TASK OBJECTIVE » In this exercise, the entries below include pictures. Repeat exactly the lines from the line with "如图,直线CD∥BF,直线A" to the line with "Old milk bottles", including both, but without the pictures.

RECORDED INFORMATION »
_____

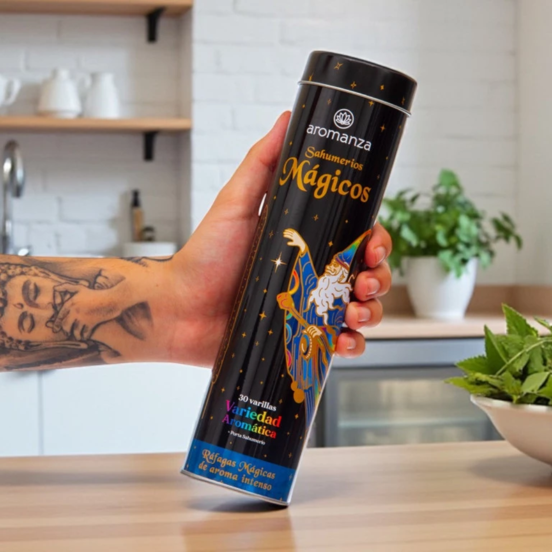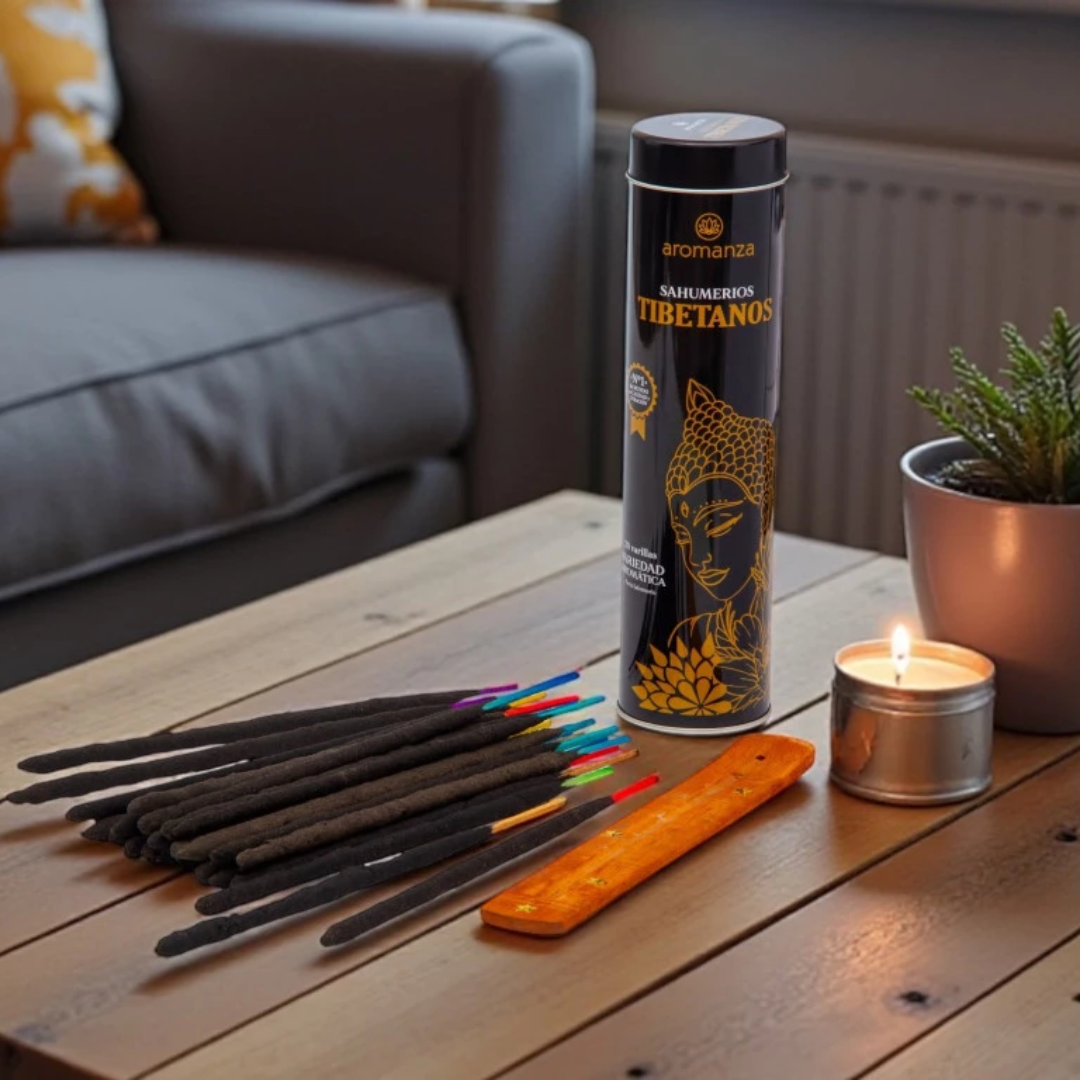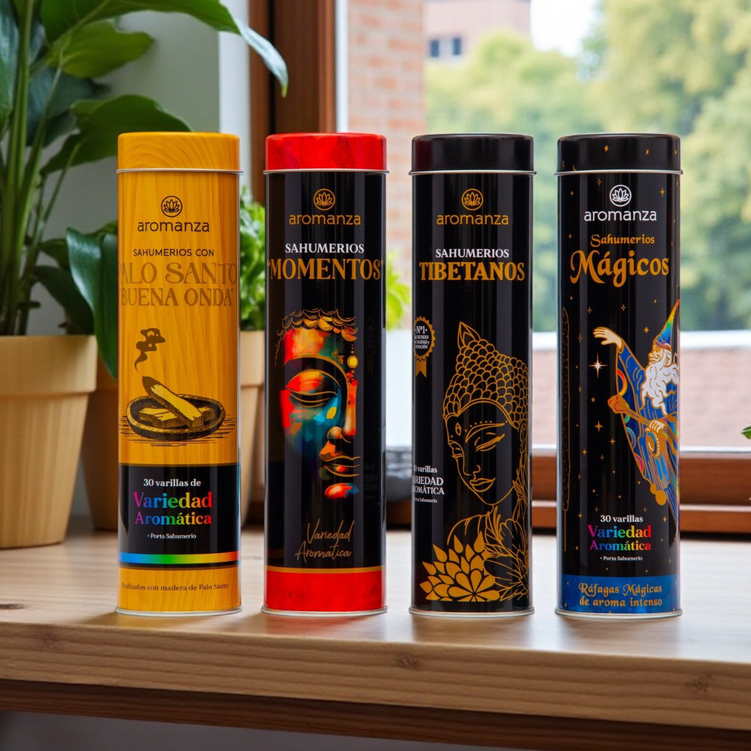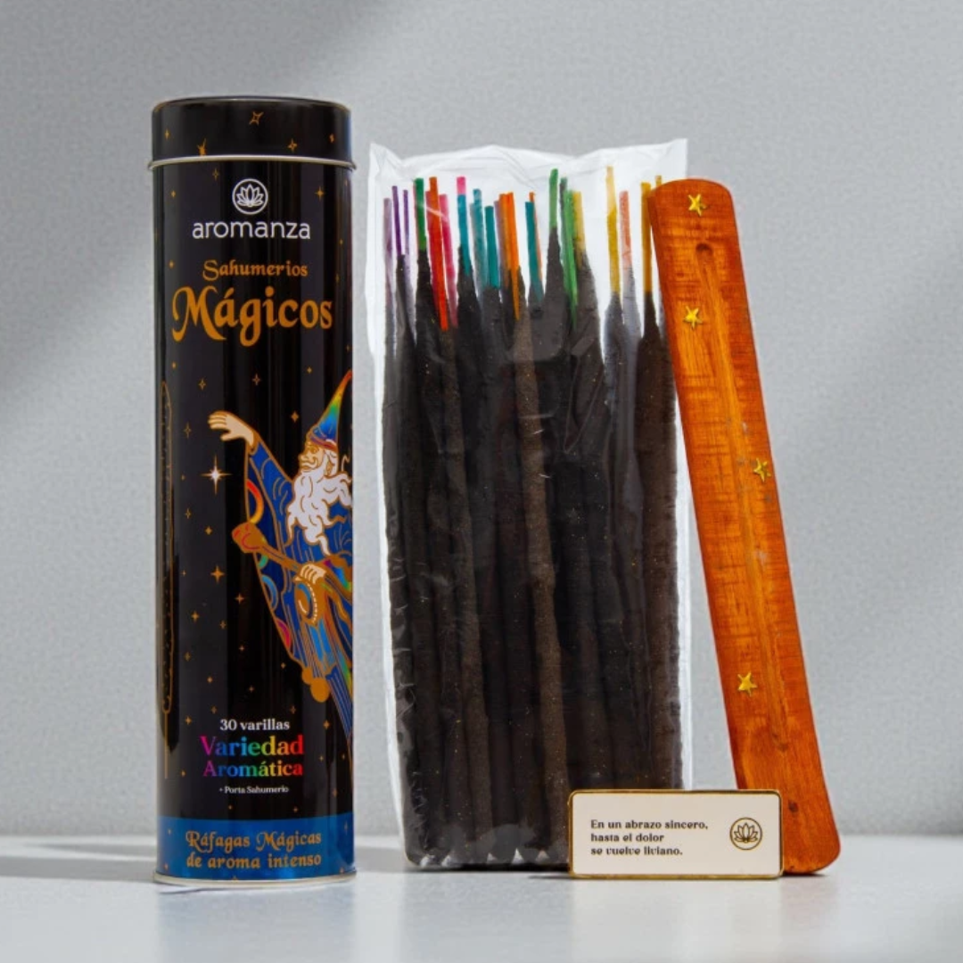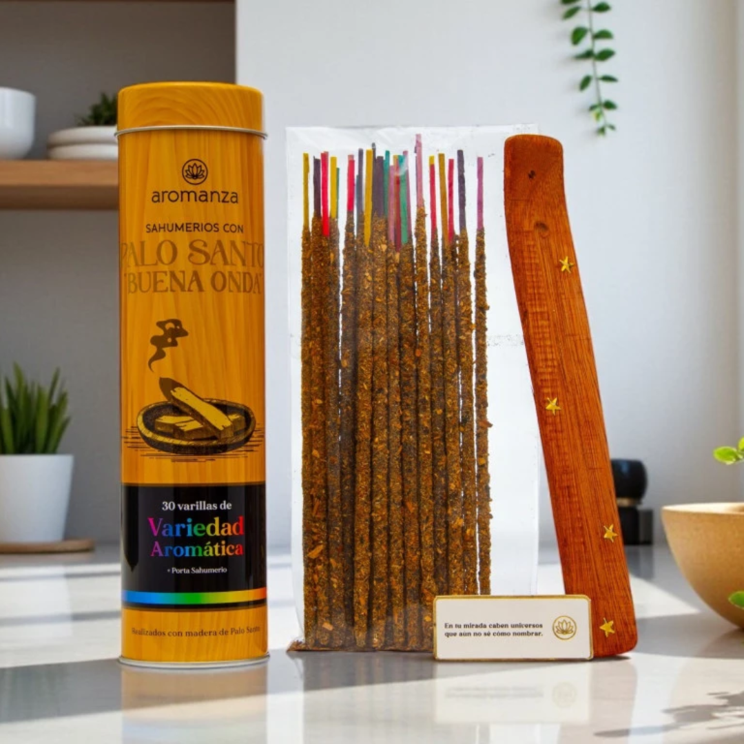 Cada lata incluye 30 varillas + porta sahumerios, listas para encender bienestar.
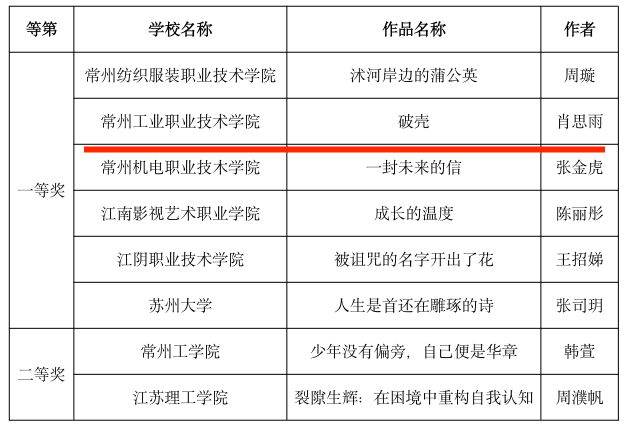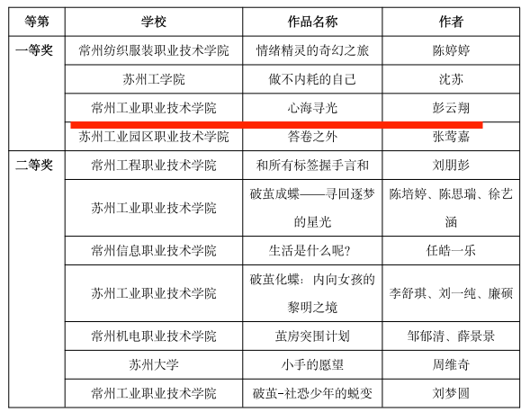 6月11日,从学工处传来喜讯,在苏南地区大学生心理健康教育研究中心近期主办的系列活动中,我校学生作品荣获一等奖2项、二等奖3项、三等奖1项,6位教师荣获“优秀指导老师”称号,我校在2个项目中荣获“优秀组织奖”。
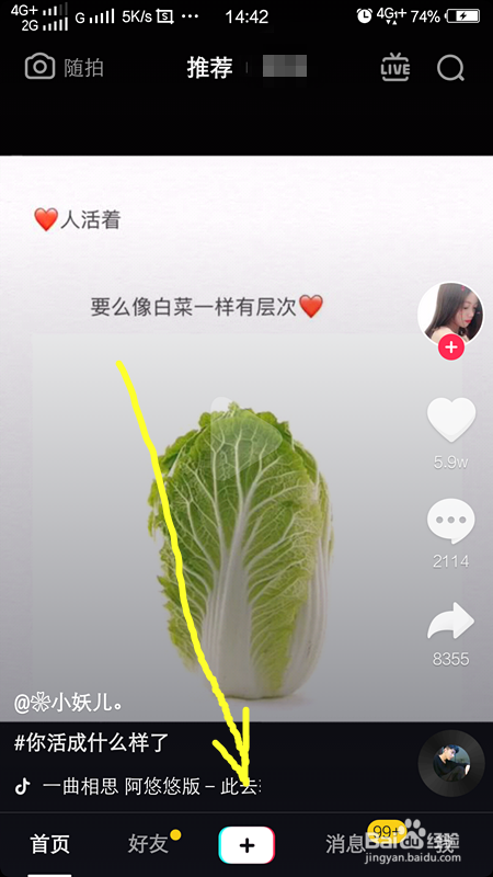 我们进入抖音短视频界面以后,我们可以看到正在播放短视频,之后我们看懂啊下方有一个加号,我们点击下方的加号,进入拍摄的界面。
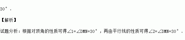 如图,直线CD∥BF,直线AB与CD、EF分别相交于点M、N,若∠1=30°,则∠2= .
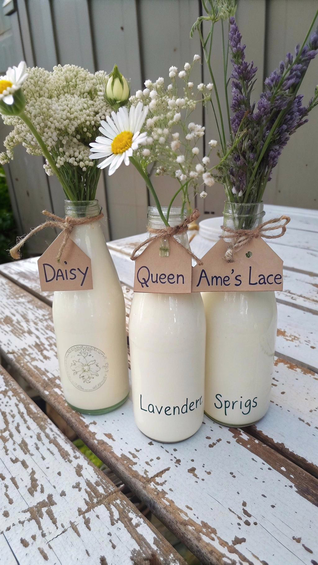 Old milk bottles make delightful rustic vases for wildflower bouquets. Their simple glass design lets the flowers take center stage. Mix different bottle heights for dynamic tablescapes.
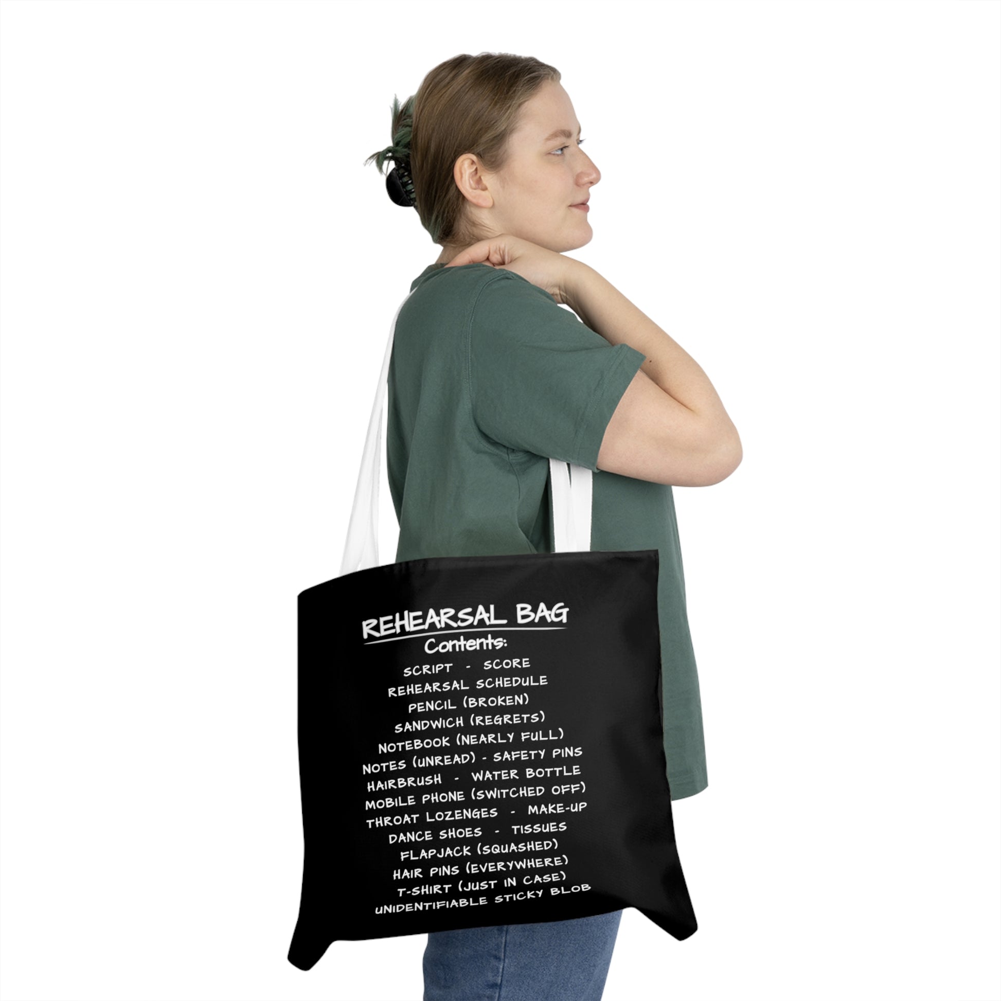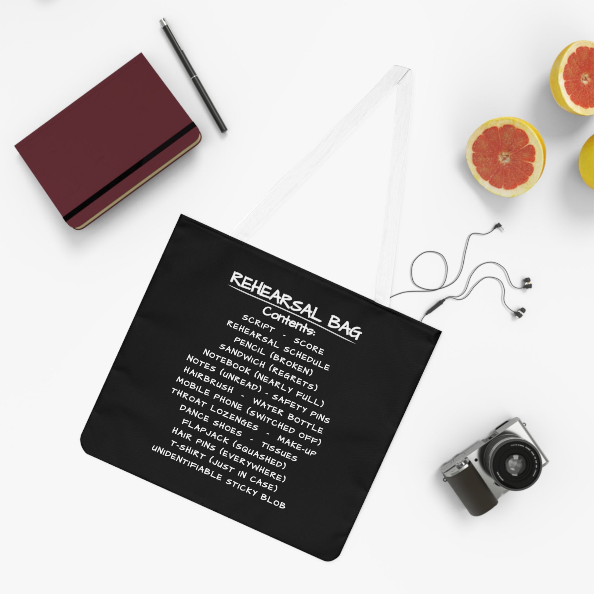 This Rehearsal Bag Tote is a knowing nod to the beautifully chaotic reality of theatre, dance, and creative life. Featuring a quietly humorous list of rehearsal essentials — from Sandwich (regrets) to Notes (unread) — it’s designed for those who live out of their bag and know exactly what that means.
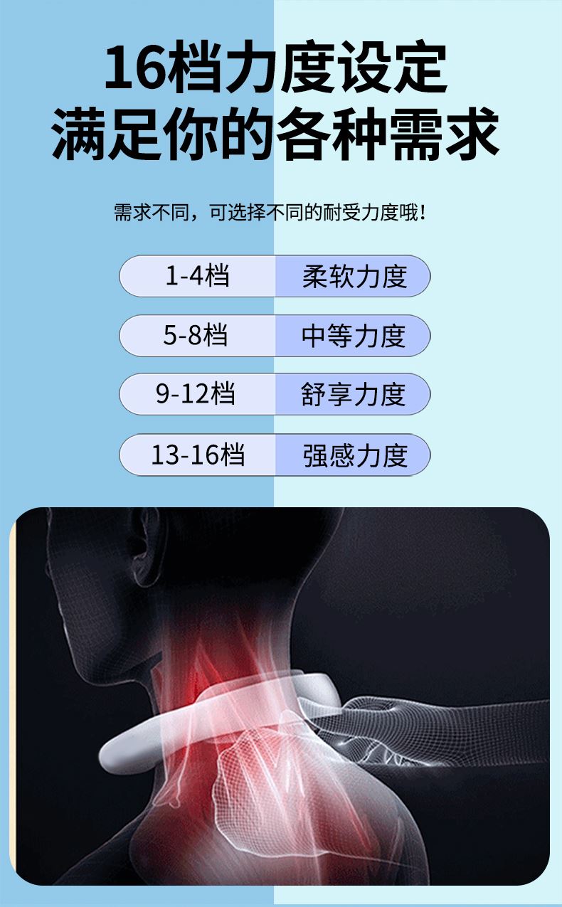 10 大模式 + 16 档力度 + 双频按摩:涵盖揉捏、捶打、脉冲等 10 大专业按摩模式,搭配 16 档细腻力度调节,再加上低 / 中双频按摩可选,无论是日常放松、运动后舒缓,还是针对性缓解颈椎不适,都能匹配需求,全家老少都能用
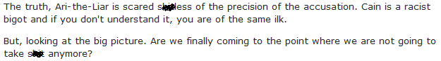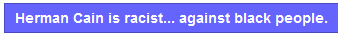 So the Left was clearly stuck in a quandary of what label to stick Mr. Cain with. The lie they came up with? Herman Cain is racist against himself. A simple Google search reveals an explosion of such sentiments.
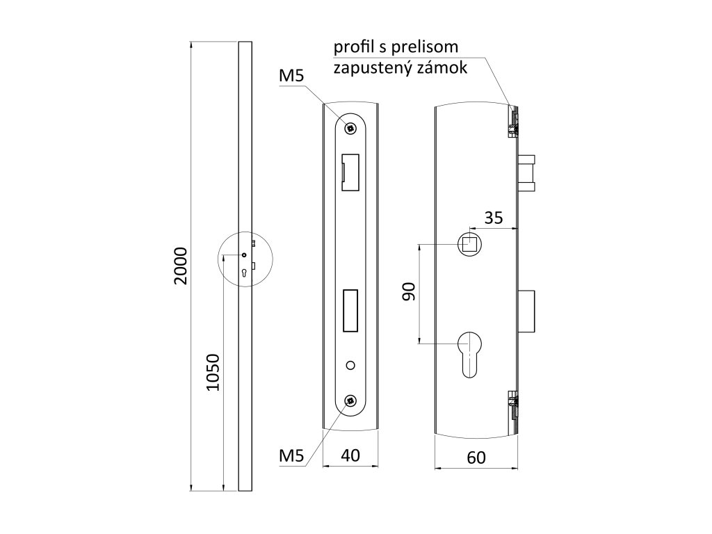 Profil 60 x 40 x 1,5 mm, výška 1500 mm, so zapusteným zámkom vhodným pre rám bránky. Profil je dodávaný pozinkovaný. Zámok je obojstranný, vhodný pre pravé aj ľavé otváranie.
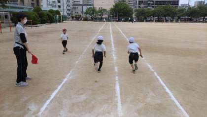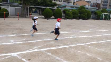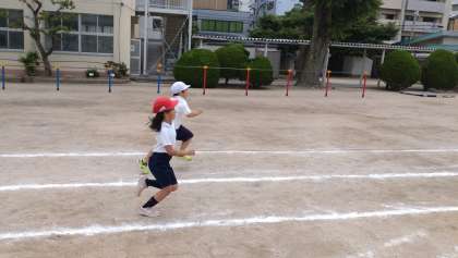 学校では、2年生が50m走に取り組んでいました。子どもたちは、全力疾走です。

_____

TASK RESULT »
 如图,直线CD∥BF,直线AB与CD、EF分别相交于点M、N,若∠1=30°,则∠2= .
 Old milk bottles make delightful rustic vases for wildflower bouquets. Their simple glass design lets the flowers take center stage. Mix different bottle heights for dynamic tablescapes.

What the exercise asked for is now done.